• Problem to solve
Restate every line below word for word, but drop each picture.

[Dataset excerpt — start]

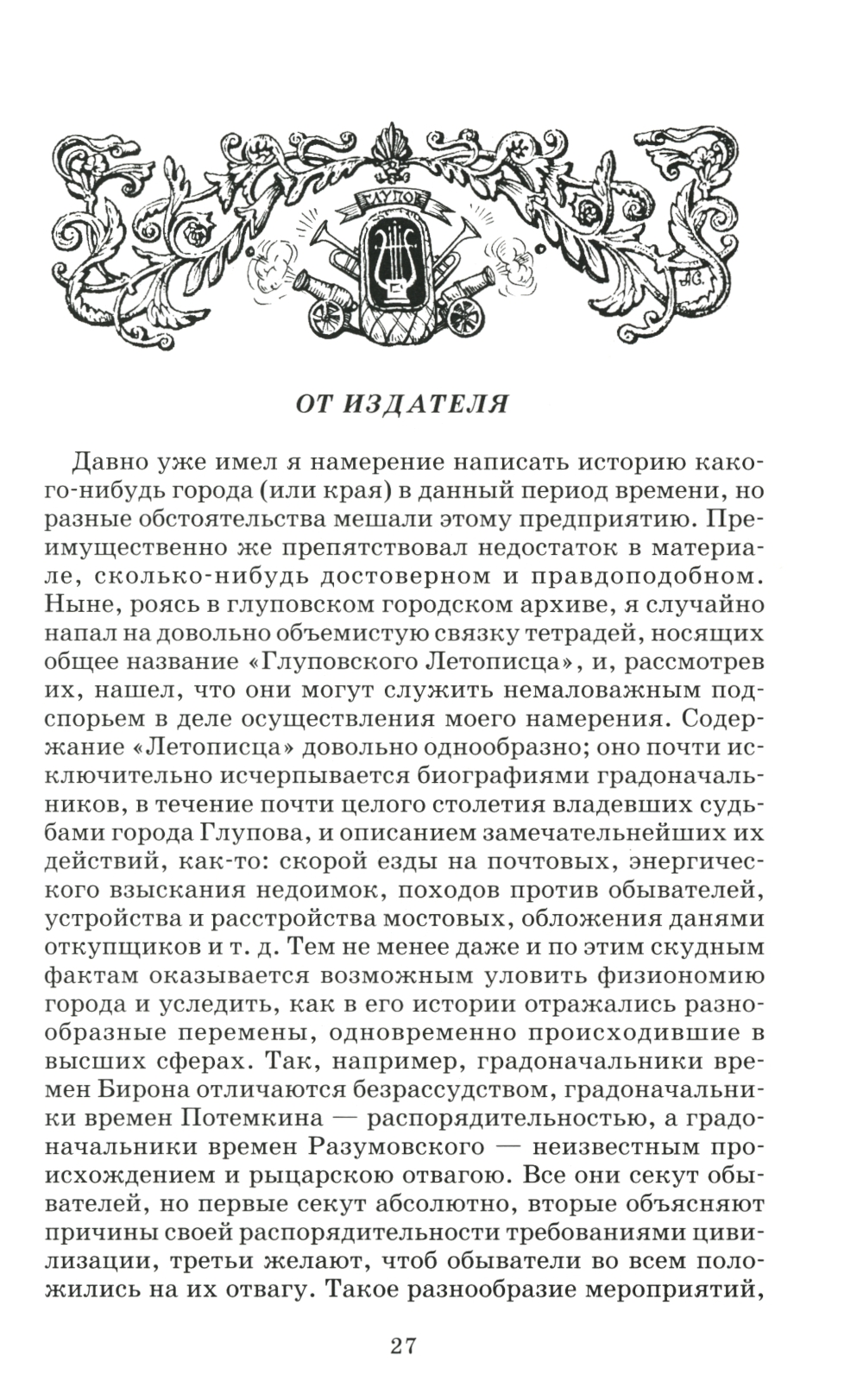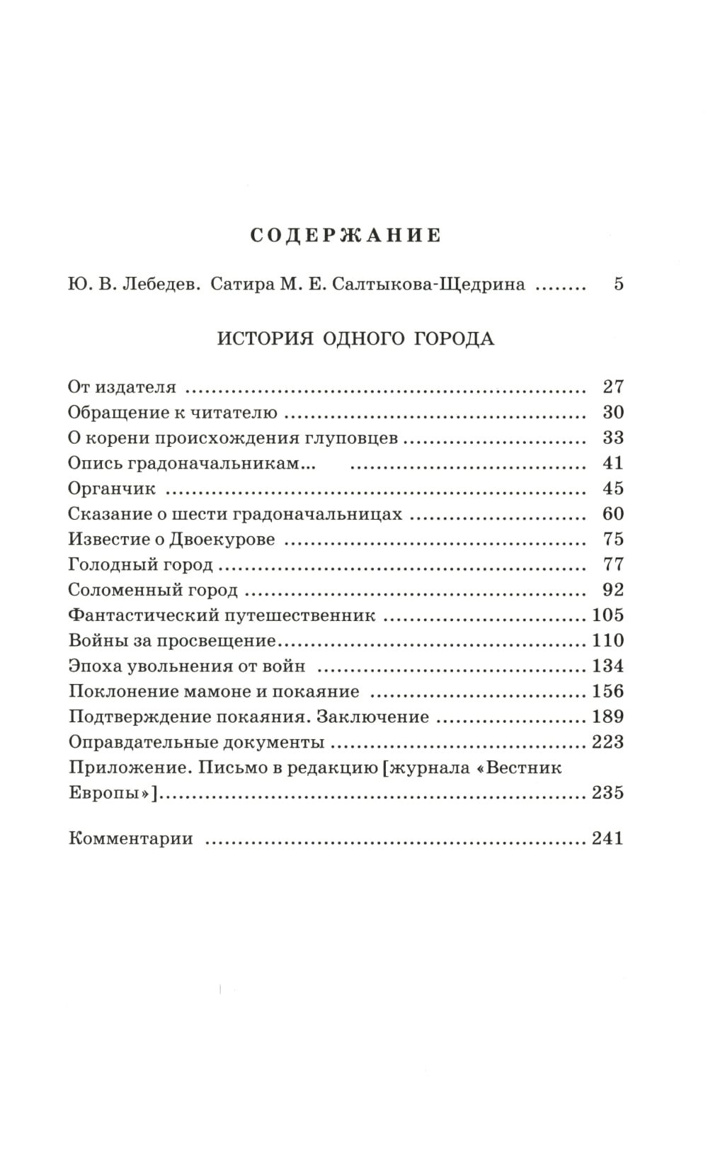 В книгу вошла «История одного города» - шедевр реалистической сатиры великого русского писателя-демократа. Для старшего школьного возраста.| Издательство | Детская литература |
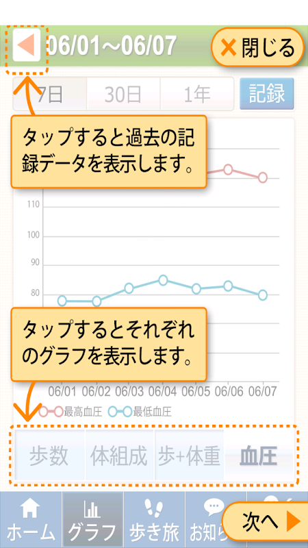 ●日々の振り返りを直感的に!日々の歩数や、記録した体重/血圧を見やすいグラフで確認できます。
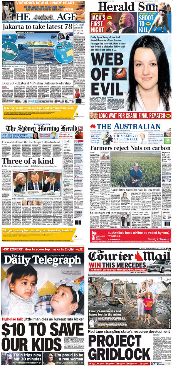 Support for Liberals slides to just 30pc: Newspoll – Support for the Liberal Party has dropped to its lowest level since June last year. Dissatisfaction with Malcolm Turnbull has leapt back to near what it was in the aftermath of the fake email affair in August, as the Coalition remains divided on an emissions trading scheme. Even a small rise in dissatisfaction with Kevin Rudd’s management, during a period dominated by boatpeople arrivals in Australian waters, has failed to help the Coalition – The Australian
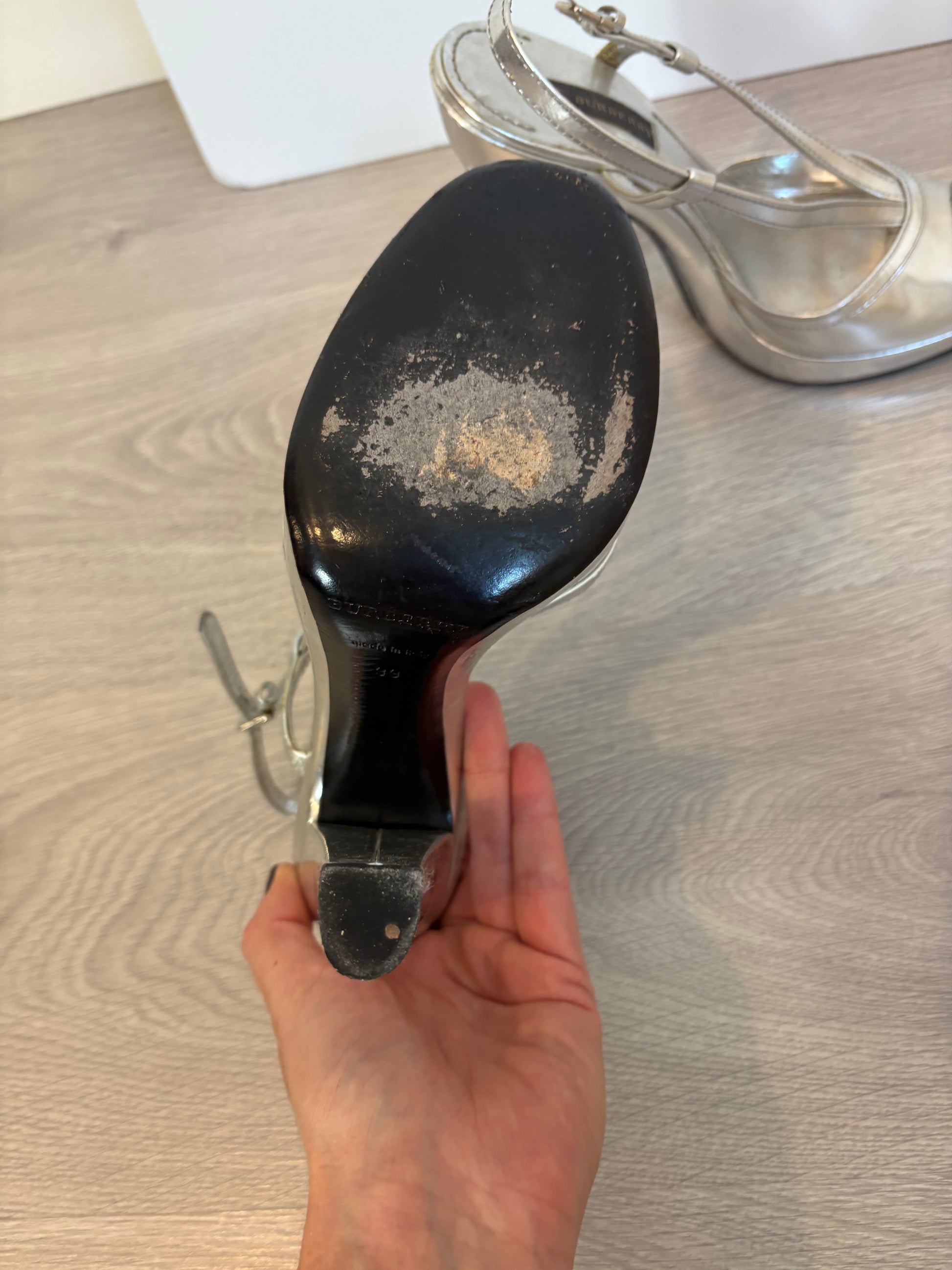 Silver platform sandals. Mark on the inner heel is not very practical.

[Dataset excerpt — finish]

• Answer to the problem
 В книгу вошла «История одного города» - шедевр реалистической сатиры великого русского писателя-демократа. Для старшего школьного возраста.| Издательство | Детская литература |
 ●日々の振り返りを直感的に!日々の歩数や、記録した体重/血圧を見やすいグラフで確認できます。
 Support for Liberals slides to just 30pc: Newspoll – Support for the Liberal Party has dropped to its lowest level since June last year. Dissatisfaction with Malcolm Turnbull has leapt back to near what it was in the aftermath of the fake email affair in August, as the Coalition remains divided on an emissions trading scheme. Even a small rise in dissatisfaction with Kevin Rudd’s management, during a period dominated by boatpeople arrivals in Australian waters, has failed to help the Coalition – The Australian
 Silver platform sandals. Mark on the inner heel is not very practical.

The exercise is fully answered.